• [WORK TO BE COMPLETED]
Without including the pictures, copy each line below exactly as it reads.

• [Records from a dataset]
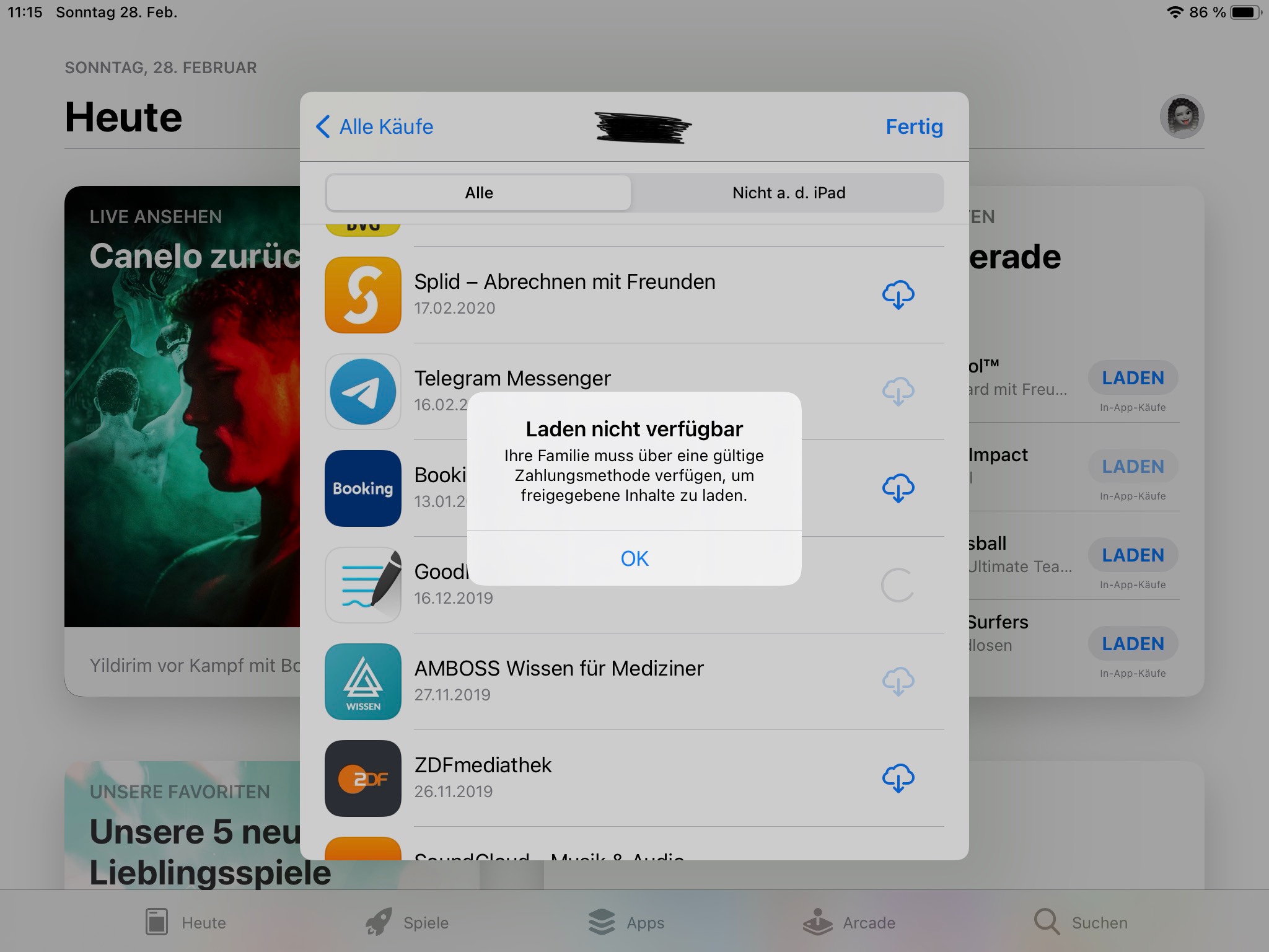 Familienfreigabe Fehlermeldung: "Laden nicht verfügbar. Ihre Familie muss über eine gültige Zahlungsmethode verfügen, um freigegeben Inhalte zu laden."
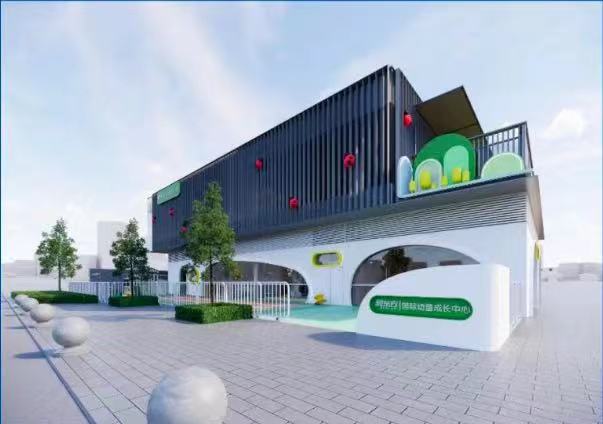 在功能分區(qū)上,室內(nèi)設(shè)置有藍(lán)白色球池、空中潛艇、滑梯、隧道、環(huán)形跑道和趣味攀爬區(qū),室內(nèi)配備有體能教室、北極熊繪本區(qū),此外還有陽(yáng)臺(tái)沙池區(qū)。
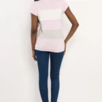 Viszkóz anyaga puha, jól szellőzik és szépen követi a mozgást, így komfortos viselet egész nap. Egyméretes fazonban kapható sárga-ekrü-szürke és rózsaszín-ekrü-szürke színekben.
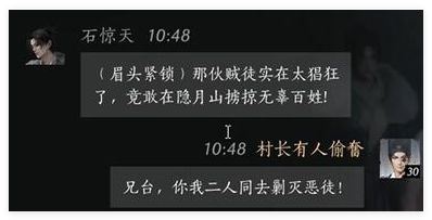 2、好感对话选择:石惊天会主动提起被贼徒掳掠百姓的事(眉头紧锁说:“那伙贼徒实在太猖狂了,竟敢在隐月山掳掠无辜百姓!”)。
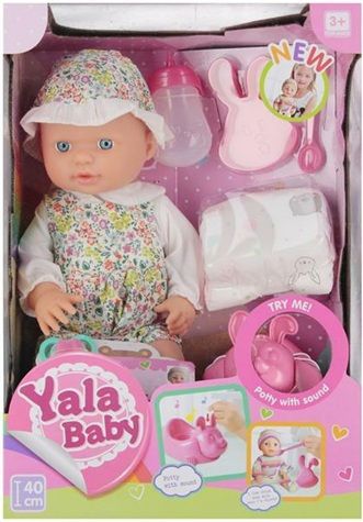 Conținutul setului: păpușă de 40 cm, 1x olita, 1x scutec, 1x suzetă, 1x biberon de lapte, 1x lingură, 1x bavetă.
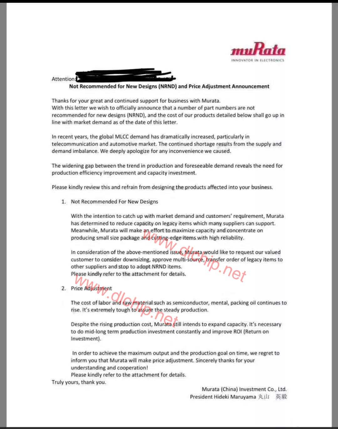 服务时间 :09:00-19:007月6日,全球积层陶瓷电容龙头厂商村田制作所(Murata)向代理商发送了一份主题为不推荐新设计(NRND)及价格调整的公告。

• [SOLUTION TO THIS EXERCISE]
 Familienfreigabe Fehlermeldung: "Laden nicht verfügbar. Ihre Familie muss über eine gültige Zahlungsmethode verfügen, um freigegeben Inhalte zu laden."
 在功能分區(qū)上,室內(nèi)設(shè)置有藍(lán)白色球池、空中潛艇、滑梯、隧道、環(huán)形跑道和趣味攀爬區(qū),室內(nèi)配備有體能教室、北極熊繪本區(qū),此外還有陽(yáng)臺(tái)沙池區(qū)。
 Viszkóz anyaga puha, jól szellőzik és szépen követi a mozgást, így komfortos viselet egész nap. Egyméretes fazonban kapható sárga-ekrü-szürke és rózsaszín-ekrü-szürke színekben.
 2、好感对话选择:石惊天会主动提起被贼徒掳掠百姓的事(眉头紧锁说:“那伙贼徒实在太猖狂了,竟敢在隐月山掳掠无辜百姓!”)。
 Conținutul setului: păpușă de 40 cm, 1x olita, 1x scutec, 1x suzetă, 1x biberon de lapte, 1x lingură, 1x bavetă.
 服务时间 :09:00-19:007月6日,全球积层陶瓷电容龙头厂商村田制作所(Murata)向代理商发送了一份主题为不推荐新设计(NRND)及价格调整的公告。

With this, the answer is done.